**What you are asked to do:**
A stretch of the entries below is to be set down exactly, running from the line with "本应用对应外研版高中英语必修" through the line with "Home Garden Ornaments", both included, and no other line.

**Data records:**
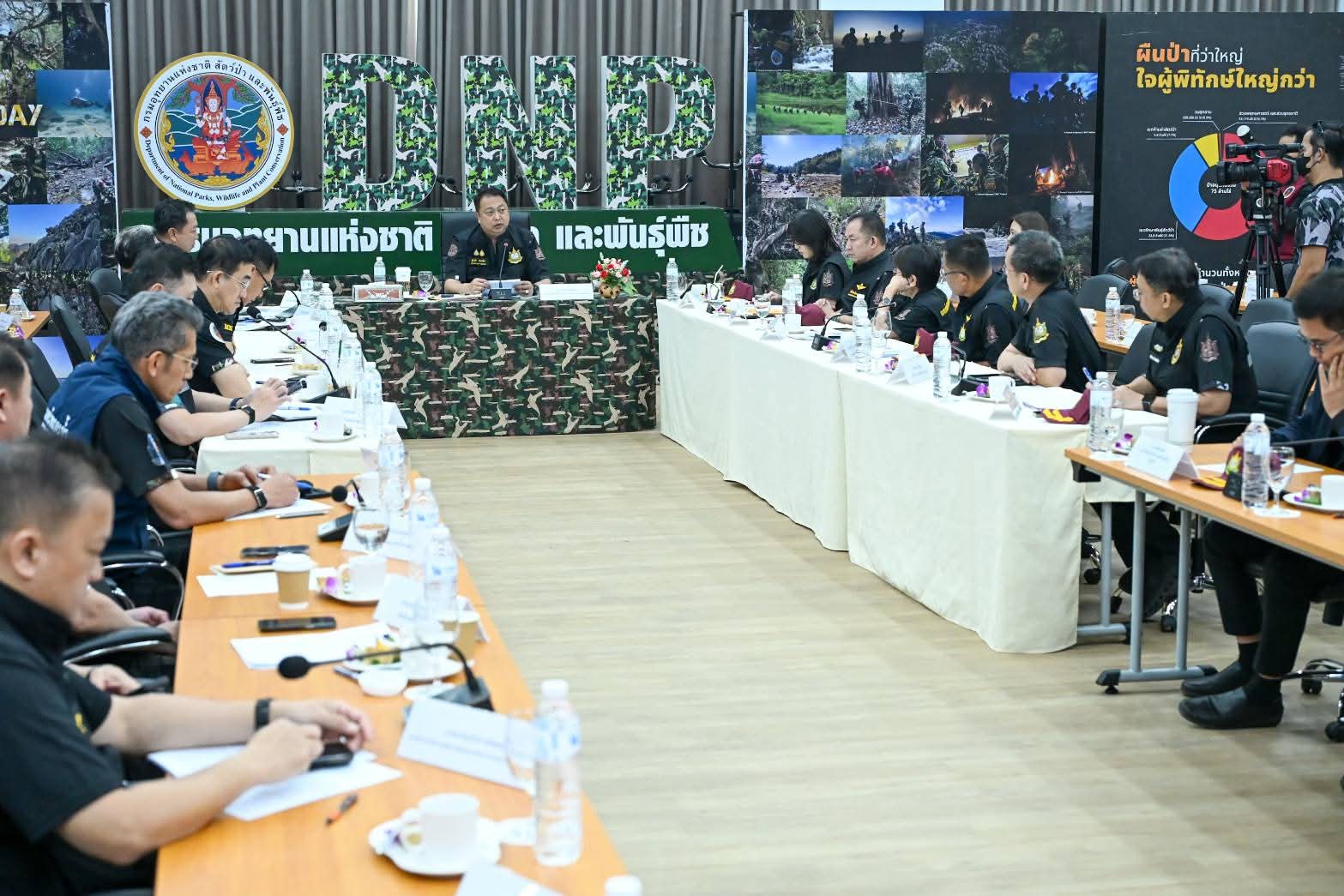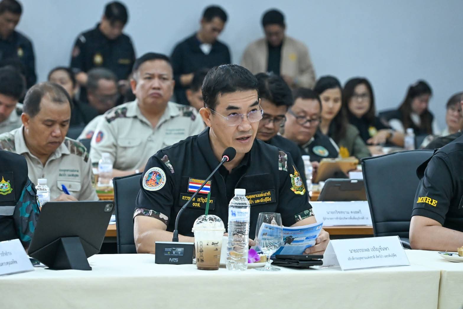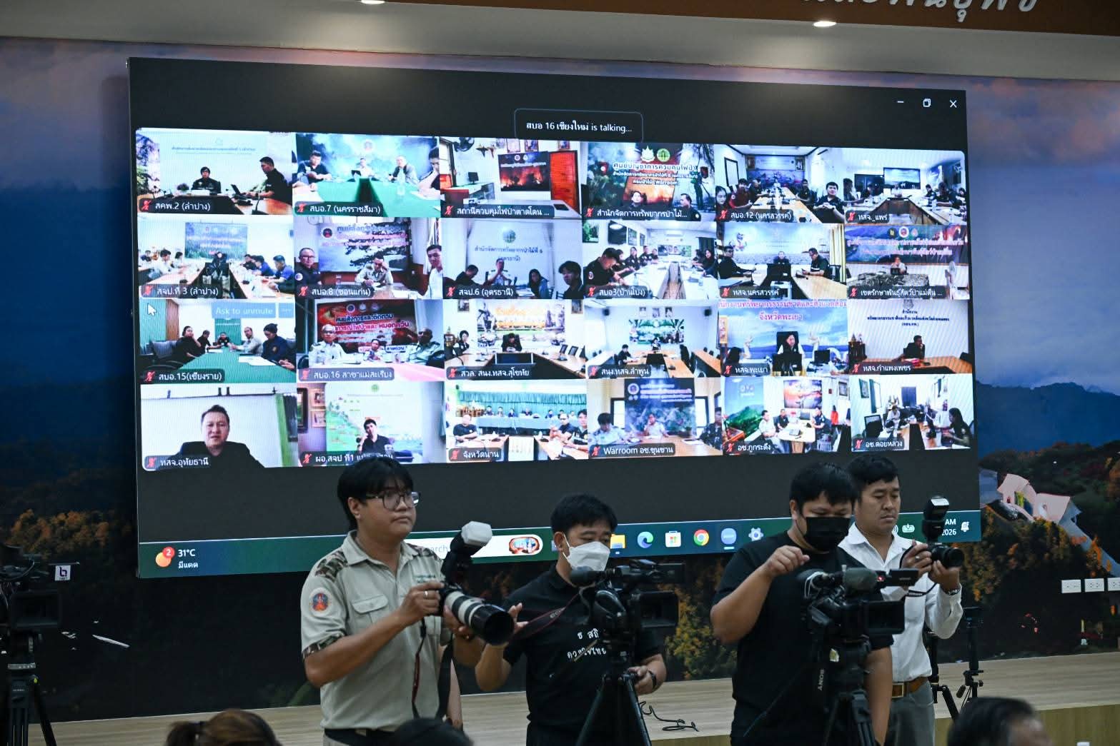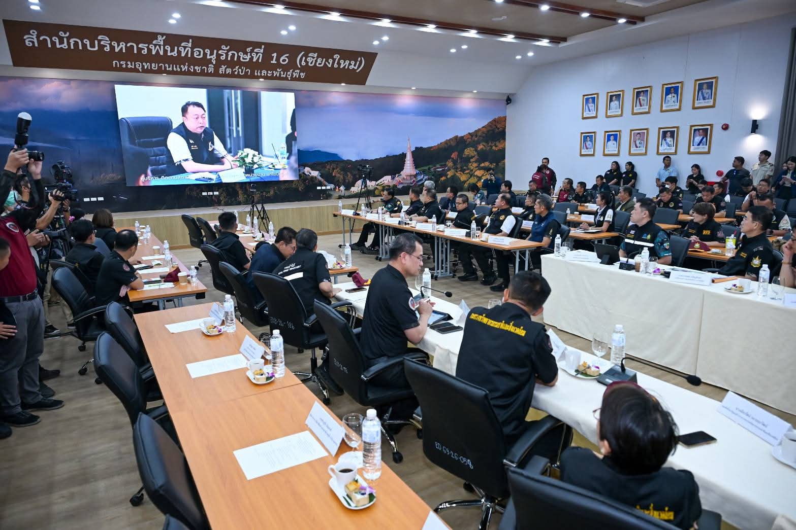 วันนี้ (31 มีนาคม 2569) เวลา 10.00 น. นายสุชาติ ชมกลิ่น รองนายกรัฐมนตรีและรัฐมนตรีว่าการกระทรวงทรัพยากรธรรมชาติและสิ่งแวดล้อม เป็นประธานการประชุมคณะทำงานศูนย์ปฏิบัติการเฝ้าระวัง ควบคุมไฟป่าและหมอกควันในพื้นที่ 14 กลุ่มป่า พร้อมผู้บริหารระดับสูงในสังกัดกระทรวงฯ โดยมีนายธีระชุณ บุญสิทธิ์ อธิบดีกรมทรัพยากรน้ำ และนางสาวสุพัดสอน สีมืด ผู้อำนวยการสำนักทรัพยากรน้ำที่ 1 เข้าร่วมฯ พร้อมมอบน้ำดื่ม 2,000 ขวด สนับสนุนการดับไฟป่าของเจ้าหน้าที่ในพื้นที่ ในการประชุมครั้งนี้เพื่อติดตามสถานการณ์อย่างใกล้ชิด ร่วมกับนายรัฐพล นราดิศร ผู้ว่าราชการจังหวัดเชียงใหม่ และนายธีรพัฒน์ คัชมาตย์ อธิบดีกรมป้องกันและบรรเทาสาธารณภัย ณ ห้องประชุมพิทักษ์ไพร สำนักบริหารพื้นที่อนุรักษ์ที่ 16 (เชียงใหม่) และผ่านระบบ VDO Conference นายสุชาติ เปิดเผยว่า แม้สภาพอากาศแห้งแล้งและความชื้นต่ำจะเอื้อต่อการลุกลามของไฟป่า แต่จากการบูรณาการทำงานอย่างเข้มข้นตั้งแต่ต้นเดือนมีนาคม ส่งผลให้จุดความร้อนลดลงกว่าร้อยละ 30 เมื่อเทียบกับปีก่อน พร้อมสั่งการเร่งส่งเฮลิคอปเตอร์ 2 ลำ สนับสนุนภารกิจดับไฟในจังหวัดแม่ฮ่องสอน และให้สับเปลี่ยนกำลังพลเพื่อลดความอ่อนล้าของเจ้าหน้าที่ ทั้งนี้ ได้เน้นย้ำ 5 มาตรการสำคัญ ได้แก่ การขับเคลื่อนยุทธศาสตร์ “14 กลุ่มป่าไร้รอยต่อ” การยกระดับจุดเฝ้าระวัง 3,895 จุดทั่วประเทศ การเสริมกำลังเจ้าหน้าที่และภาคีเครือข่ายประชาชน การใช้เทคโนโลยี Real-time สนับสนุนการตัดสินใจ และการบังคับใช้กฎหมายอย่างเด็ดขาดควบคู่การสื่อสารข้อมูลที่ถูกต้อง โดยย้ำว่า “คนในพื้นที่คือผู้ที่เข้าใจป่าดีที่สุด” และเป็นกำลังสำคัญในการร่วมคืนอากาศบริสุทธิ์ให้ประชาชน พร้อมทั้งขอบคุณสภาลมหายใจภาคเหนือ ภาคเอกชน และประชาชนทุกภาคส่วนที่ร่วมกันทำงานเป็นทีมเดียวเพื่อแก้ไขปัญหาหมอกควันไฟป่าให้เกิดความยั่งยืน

* * *

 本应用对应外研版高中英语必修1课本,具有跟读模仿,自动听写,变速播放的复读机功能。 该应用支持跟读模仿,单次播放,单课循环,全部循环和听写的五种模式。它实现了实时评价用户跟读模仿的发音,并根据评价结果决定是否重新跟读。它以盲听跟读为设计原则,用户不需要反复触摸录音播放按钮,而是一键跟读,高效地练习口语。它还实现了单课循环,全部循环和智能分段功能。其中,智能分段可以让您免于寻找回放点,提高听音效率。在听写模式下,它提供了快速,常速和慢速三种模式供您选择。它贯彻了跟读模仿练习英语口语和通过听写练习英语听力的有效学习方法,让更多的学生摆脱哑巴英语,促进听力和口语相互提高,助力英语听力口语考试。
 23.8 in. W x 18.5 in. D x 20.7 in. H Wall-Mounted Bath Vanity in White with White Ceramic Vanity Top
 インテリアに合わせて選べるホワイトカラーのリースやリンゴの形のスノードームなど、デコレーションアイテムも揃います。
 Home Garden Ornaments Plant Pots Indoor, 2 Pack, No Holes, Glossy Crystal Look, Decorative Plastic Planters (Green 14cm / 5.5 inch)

**Response area:**
 本应用对应外研版高中英语必修1课本,具有跟读模仿,自动听写,变速播放的复读机功能。 该应用支持跟读模仿,单次播放,单课循环,全部循环和听写的五种模式。它实现了实时评价用户跟读模仿的发音,并根据评价结果决定是否重新跟读。它以盲听跟读为设计原则,用户不需要反复触摸录音播放按钮,而是一键跟读,高效地练习口语。它还实现了单课循环,全部循环和智能分段功能。其中,智能分段可以让您免于寻找回放点,提高听音效率。在听写模式下,它提供了快速,常速和慢速三种模式供您选择。它贯彻了跟读模仿练习英语口语和通过听写练习英语听力的有效学习方法,让更多的学生摆脱哑巴英语,促进听力和口语相互提高,助力英语听力口语考试。
 23.8 in. W x 18.5 in. D x 20.7 in. H Wall-Mounted Bath Vanity in White with White Ceramic Vanity Top
 インテリアに合わせて選べるホワイトカラーのリースやリンゴの形のスノードームなど、デコレーションアイテムも揃います。
 Home Garden Ornaments Plant Pots Indoor, 2 Pack, No Holes, Glossy Crystal Look, Decorative Plastic Planters (Green 14cm / 5.5 inch)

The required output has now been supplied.